- Work task
Beginning at the first line of the material, output each line exactly until you reach and include the line containing "Lightly flamed maple". Leave every picture out.
··········
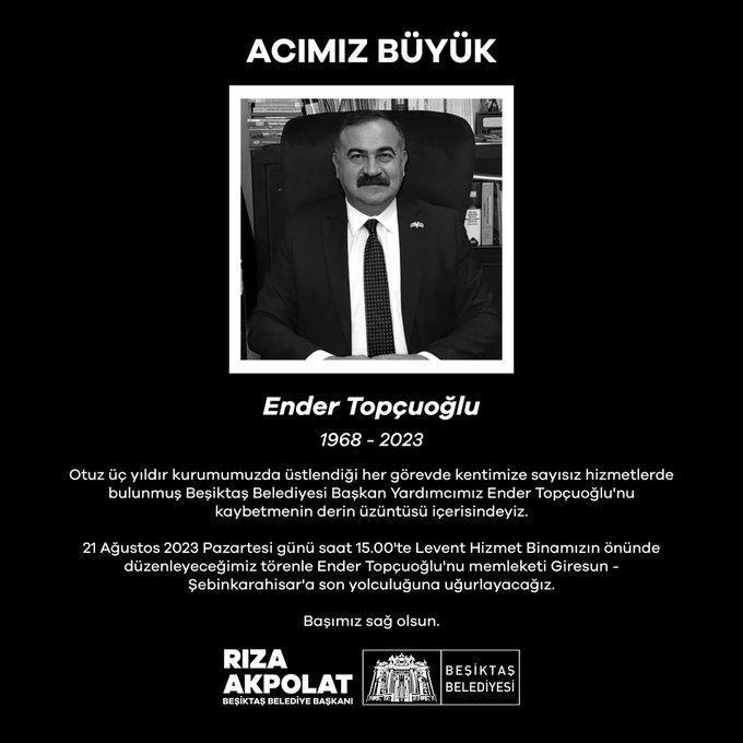 "Otuz üç yıldır kurumumuzda üstlendiği her görevde kentimize sayısız hizmetlerde bulunmuş Beşiktaş Belediyesi Başkan Yardımcımız Ender Topçuoğlu'nu kaybetmenin derin üzüntüsü içerisindeyiz. 21 Ağustos 2023 Pazartesi günü saat 15.00'te Levent Hizmet Binamızın önünde düzenleyeceğimiz törenle Ender Topçuoğlu'nu memleketi Giresun - Şebinkarahisar'a son yolculuğuna uğurlayacağız. Cenazesi 22 Ağustos 2023 Salı günü Giresun Şebinkarahisar Tekışık Camii’nde öğle namazına müteakip gerçekleşecektir."
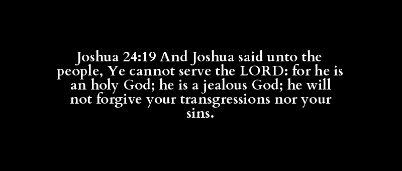 Joshua 24:19 And Joshua said unto the people, Ye cannot serve the LORD: for he is an holy God; he is a jealous God; he will not forgive your transgressions nor your sins.
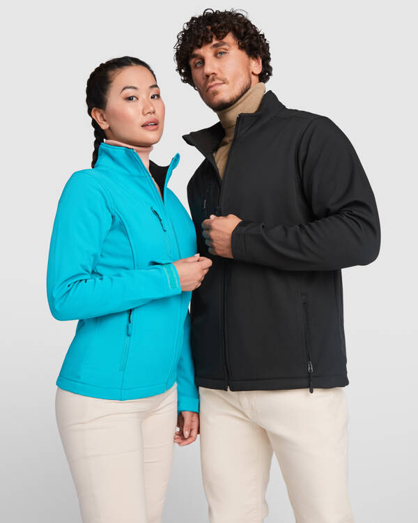 Softshell a doppio strato.1._ Cerniera invertita a tono, con protezione mento e tiretto.
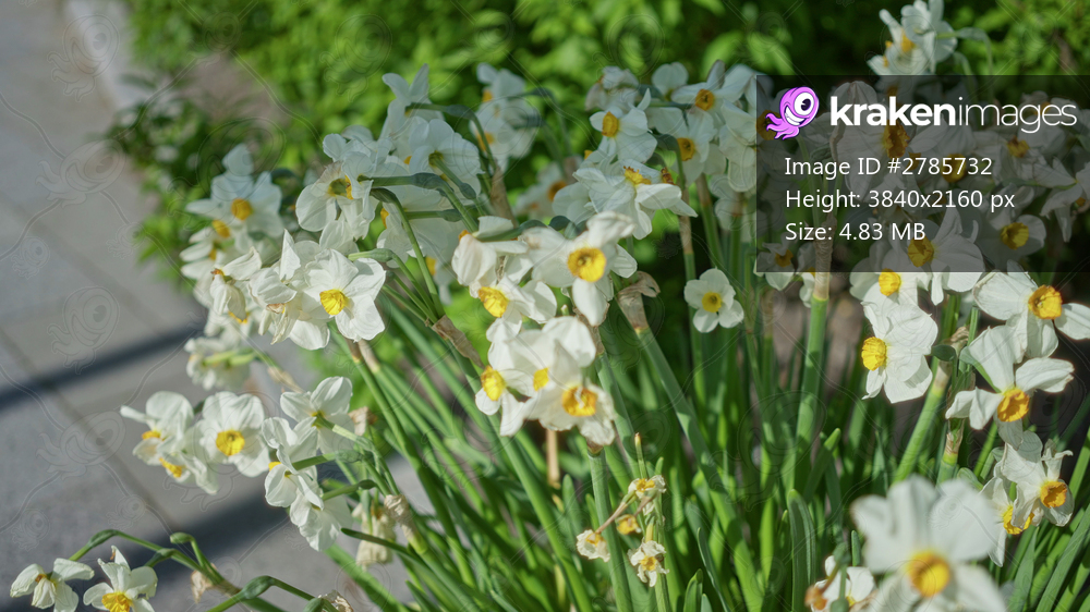 Clusters of white and yellow narcissus flowers bloom vibrantly outdoors in a sunny netherlands garden, showcasing lush green foliage and a clear blue sky. - Kraken Images
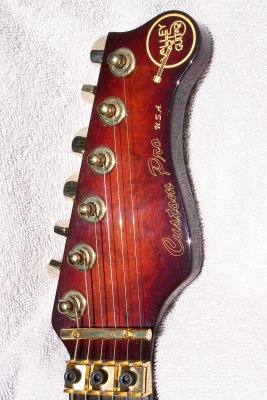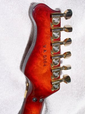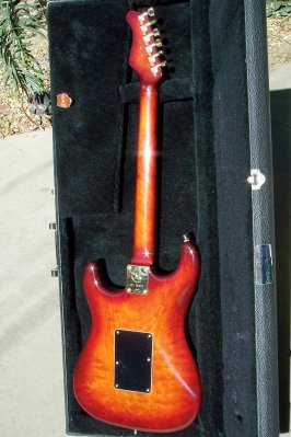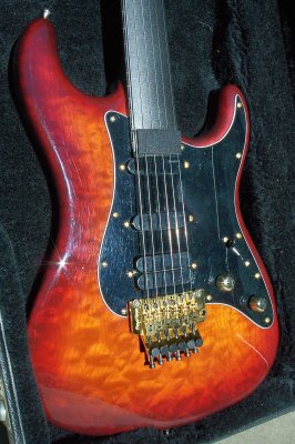 Lightly flamed maple body, light birdseye on the maple neck. Floyd Rose trem. Ebony fret board. Gold hardware. Evans pickups, rear one tapped. Emberglow finish
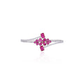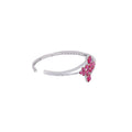 Elegant and striking, this 925 sterling silver kada bracelet showcases a vibrant floral design adorned with rich ruby-red gemstones. Two rectangular-cut stones enhance its bold charm, while the delicate cubic zirconia accents along the band add a sparkling finish. A perfect blend of tradition and modern style, this bracelet is ideal for weddings, festive occasions, and glamorous evening looks.
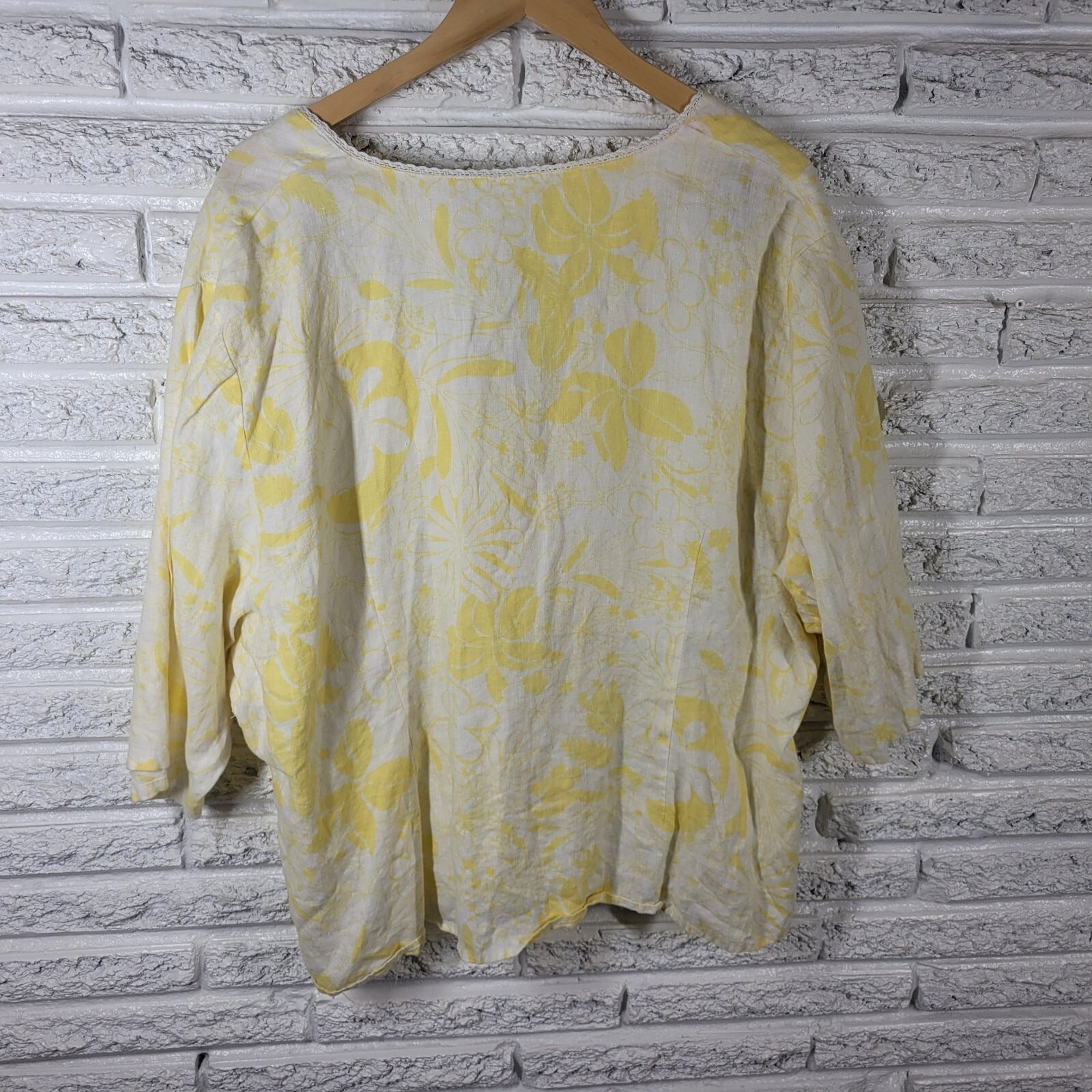 St Tropez West Women Top 3X Plus 3/4 Sleeve Yellow Floral Linen Lightweight Lace
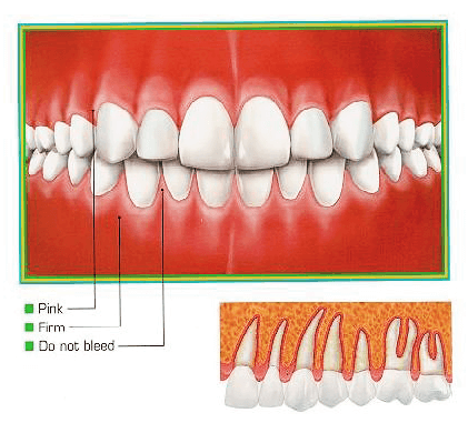 치주질환이 없는 건강한 잇몸은 출혈이 되지 않으며 골소실이 없다
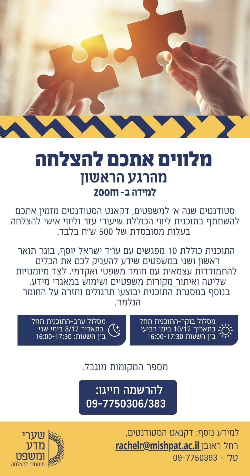סטודנטים שנה א' למשפטים, תוכנית ליווי לסיוע בהתמודדות עם חומר לימודי משפטיים >>
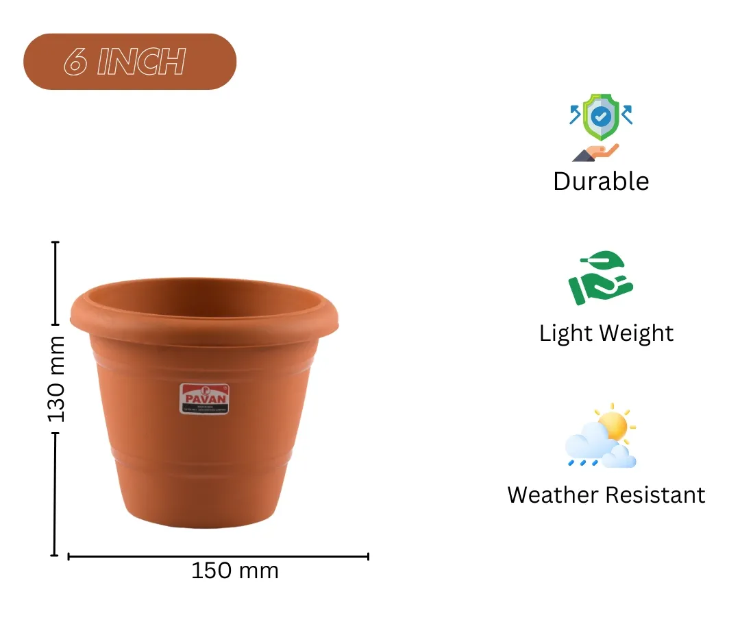 The Pavan Flora Planter 6 Inch is a stylish and durable plant pot perfect for indoor and outdoor gardening. Made from high-quality plastic, it features a sleek design, strong build, and proper drainage to keep your plants healthy and vibrant.
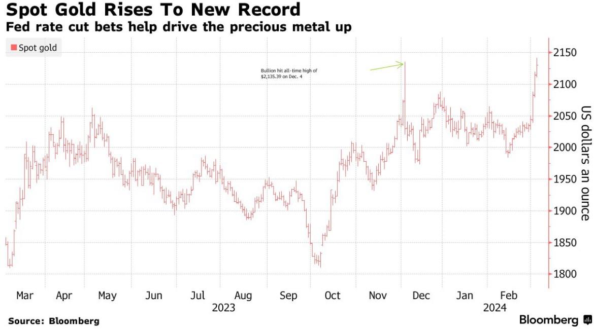 金价一度涨至每盎司2141.79美元,随后回吐涨幅,周二的高点超过了三个月前创下的2135.39美元的纪录。
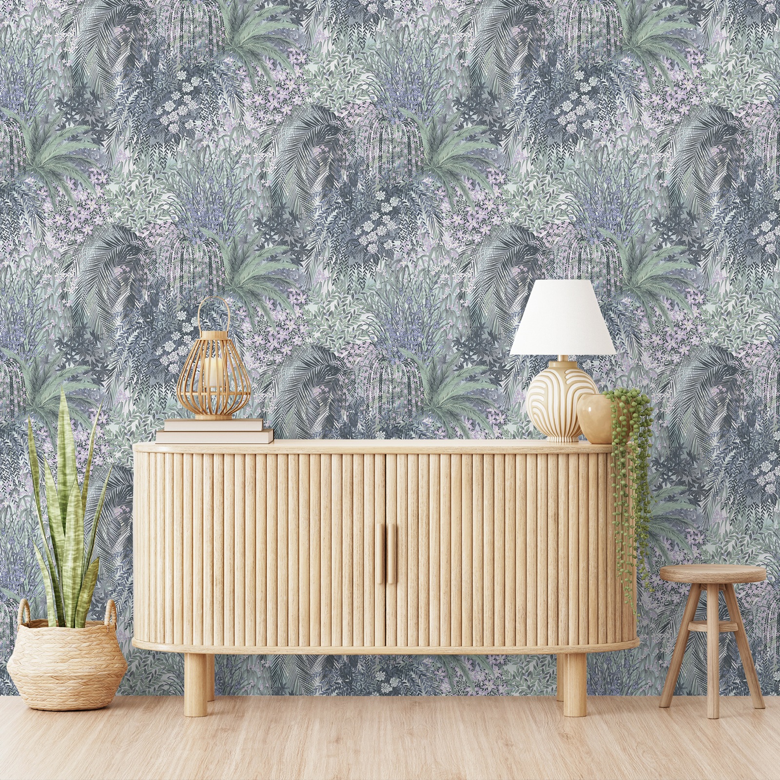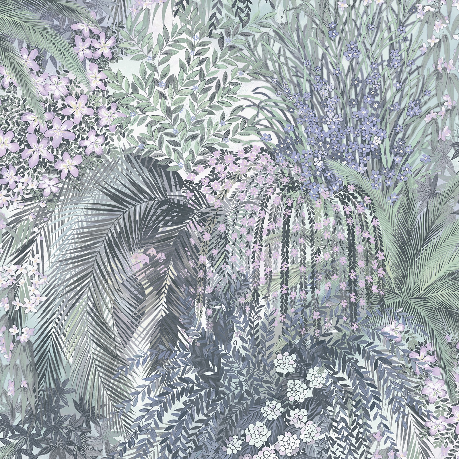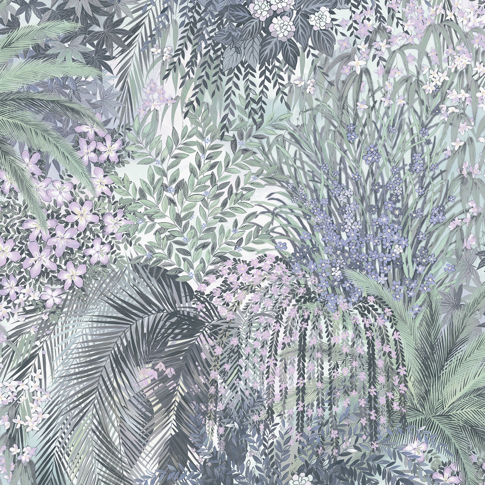 Paradise Blue Purple Floral Green Leaf Pattern Smooth Finish Feature Wallpaper
··········
- Exercise result
 "Otuz üç yıldır kurumumuzda üstlendiği her görevde kentimize sayısız hizmetlerde bulunmuş Beşiktaş Belediyesi Başkan Yardımcımız Ender Topçuoğlu'nu kaybetmenin derin üzüntüsü içerisindeyiz. 21 Ağustos 2023 Pazartesi günü saat 15.00'te Levent Hizmet Binamızın önünde düzenleyeceğimiz törenle Ender Topçuoğlu'nu memleketi Giresun - Şebinkarahisar'a son yolculuğuna uğurlayacağız. Cenazesi 22 Ağustos 2023 Salı günü Giresun Şebinkarahisar Tekışık Camii’nde öğle namazına müteakip gerçekleşecektir."
 Joshua 24:19 And Joshua said unto the people, Ye cannot serve the LORD: for he is an holy God; he is a jealous God; he will not forgive your transgressions nor your sins.
 Softshell a doppio strato.1._ Cerniera invertita a tono, con protezione mento e tiretto.
 Clusters of white and yellow narcissus flowers bloom vibrantly outdoors in a sunny netherlands garden, showcasing lush green foliage and a clear blue sky. - Kraken Images
 Lightly flamed maple body, light birdseye on the maple neck. Floyd Rose trem. Ebony fret board. Gold hardware. Evans pickups, rear one tapped. Emberglow finish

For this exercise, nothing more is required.